Cet ordre franco-italien avait reconnu en mars sa "responsabilité" dans les faits dénoncés par plus de 200 plaintes individuelles, dont la moitié pour des agressions à caractère sexuel mais presque toutes prescrites, et annoncé des mesures avec l'aide de l'Institut francophone pour la justice et la démocratie (IFJD).
Lundi, il a annoncé dans un communiqué "l'élargissement du mandat de la Commission Reconnaissance et Réparation (CRR, mise en place par l'Église catholique en 2021, NDLR) aux violences sexuelles commises par les laïcs à Notre-Dame-de-Bétharram".
Jusque-là, seules les victimes de religieux étaient prises en compte. "Que des victimes aient déjà été indemnisées par la CRR et pas d'autres est vécu comme une injustice", a déclaré à l'AFP Magalie Besse, directrice de l'IFJD, ONG spécialisée dans la justice transitionnelle en zone de conflit.
D'ici la fin d'année, la Congrégation des pères de Bétharram doit "abonder son fond de réparation", pour de premières indemnisations prévues début 2026, selon Mme Besse.
Elle s'appuiera sur le système d'évaluation de la gravité et des incidences des violences sexuelles "déjà fonctionnel" de la CRR, souligne-t-elle. D'un montant moyen de 34.000 euros, l'indemnisation est plafonnée à 60.000 euros, soit "beaucoup plus que des réparations judiciaires".
Alain Esquerre, ancien élève de Bétharram et représentant d'un collectif de victimes, regrette qu'il ait "fallu plus de sept mois pour que la congrégation passe enfin à l'action".
Selon un audit, encore inachevé, le patrimoine immobilier de la congrégation s'élève à 5 millions d'euros, à condition que "les biens soient effectivement vendables", relève Magalie Besse, qui concède une "crainte sur le financier".
Alain Esquerre, lui, demande une "vraie enquête" financière. "La congrégation a des biens immobiliers dans 15 pays, elle raconte ce qu'elle veut, on se moque de nous", réagit-il.

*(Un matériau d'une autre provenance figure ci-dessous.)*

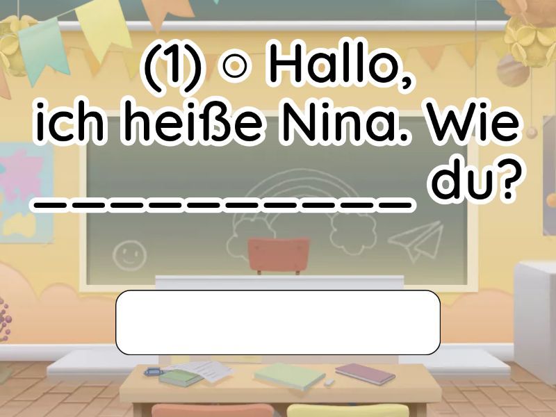 (1) ○ Hallo, ich heiße Nina. Wie __________ du?, (1) ● Ich __________ Emma., (2) ○ Ich bin Julia. Und wer __________ du?, (2) ● Ich __________ Klara., (2) ○ Entschuldigung, wie __________ __________ ? |● Klara., (3) ○ Hallo Klara! Wie __________ ?, (3) ● Danke, __________ . Und ________ ?, (3) ○ __________, danke!.
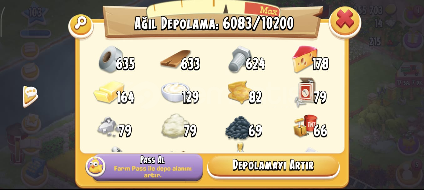 HESAP;103 LEVELDİR10.200 AĞILI VARDIR İÇİNDE KARIŞIK MALZEME VARDIR3050 AMBAR VARDIR+10 MİLYON ALTIN VARDIRDEKORASYONU HARİKADIRSAĞ ARAZİ FULL AÇIKTIRSOL ARAZİ BİR KISMI AÇIKTIRFARM PASS DIŞINDAKİ HAYVANLAR AÇIKTIRKASABA 7 LEVELDİRAKTİF OLARAK OYNANMAKTADIR BU NEDENLE ÜRÜNLERDE CÜZİ DEĞİŞİKLİK OLABİLİRVE BİRÇOK ÖZELLİ&...
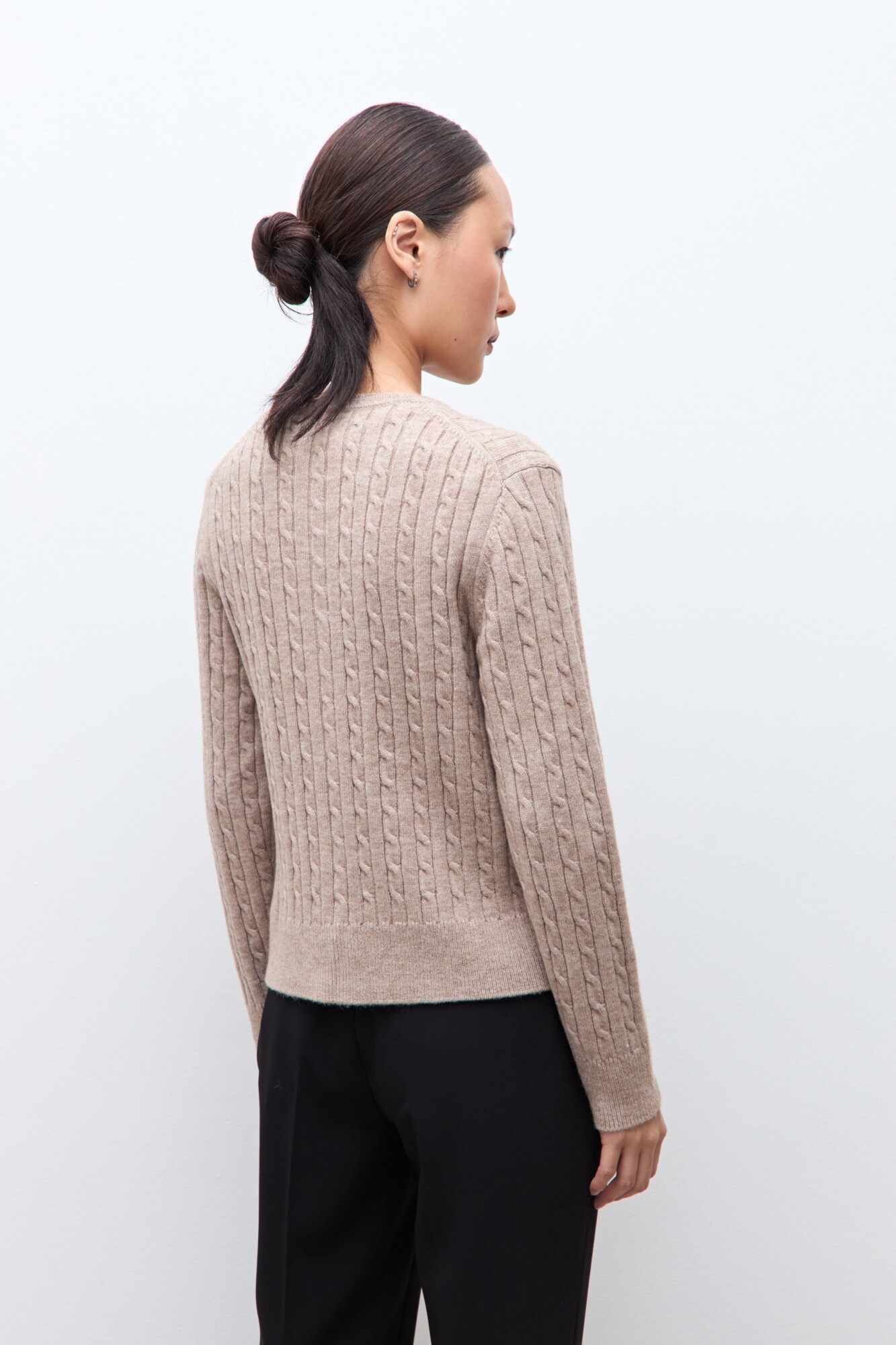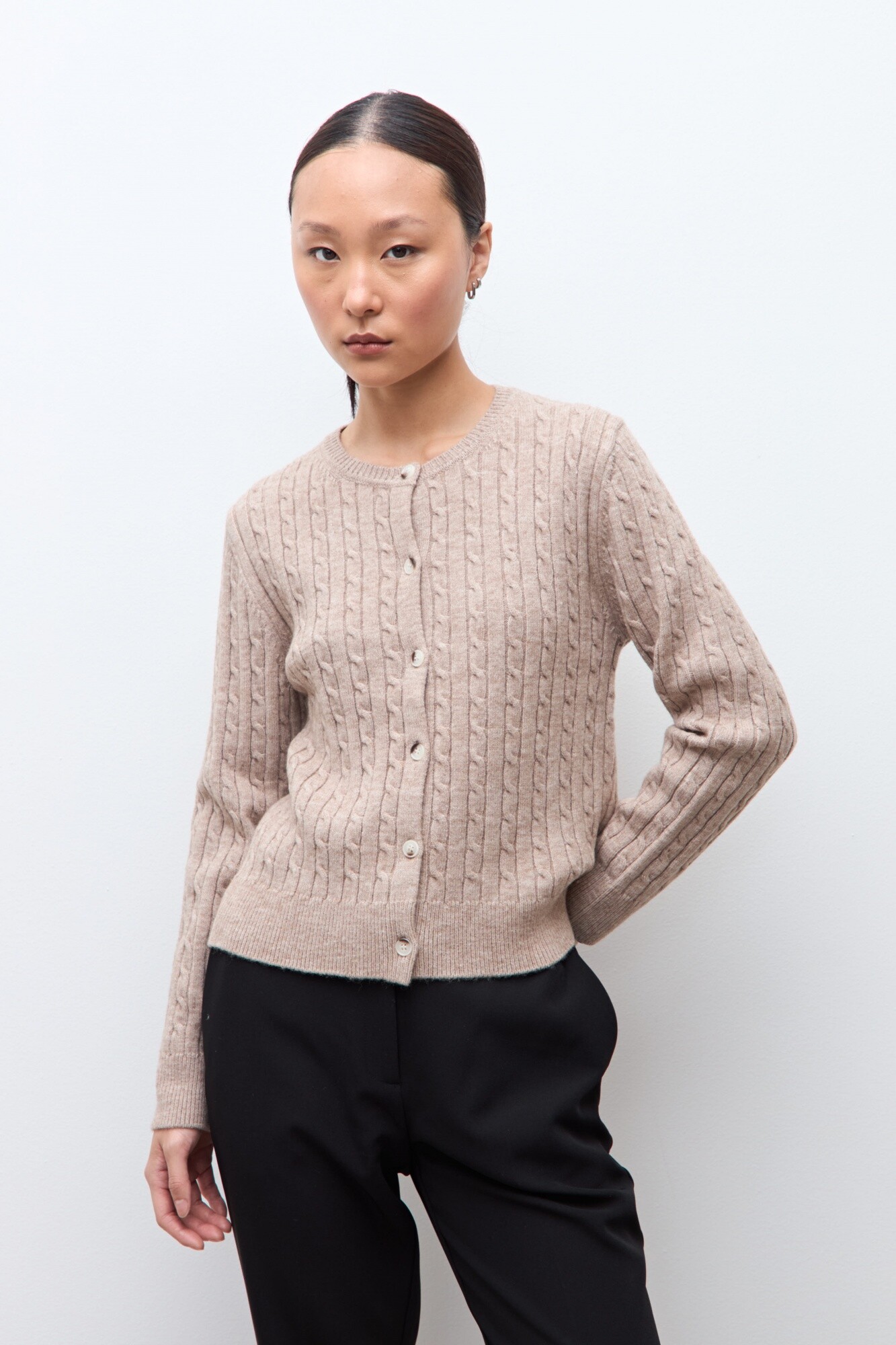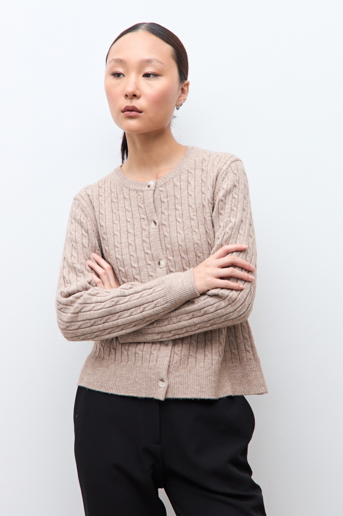 Cardigan tejido con estructura. Escote a la base. Manga larga.

A ce jour, la congrégation indique avoir versé 900.000 euros à plus de 20 victimes et qu'une vingtaine de dossiers sont en cours de traitement.
Pour M. Esquerre, l'État ne "doit pas s'exonérer" de ses responsabilités, tout "comme l'Église", après avoir laissé des établissements sous contrat "en roue libre pendant des décennies".
Il attend en outre toujours les moyens d'enquête promis en février par l'ancien Premier ministre François Bayrou, accusé par ailleurs d'avoir menti sur sa connaissance des violences commises au sein de l'établissement où ont été scolarisés plusieurs de ses enfants et où sa femme enseignait le catéchisme.
Pour les victimes de violences physiques, exclues du champ d'indemnisation de la CRR, un "mécanisme" de calcul doit encore être défini, selon la directrice.
Seules deux plaintes sur les plus de 200 déposées depuis février 2024 ne sont pas prescrites. Un seul ex-surveillant de Bétharram a été mis en examen pour viol et agression sexuelle, sur un total de quinze prêtres, presque tous décédés, et quatre laïcs mis en cause de 1957 à 2004.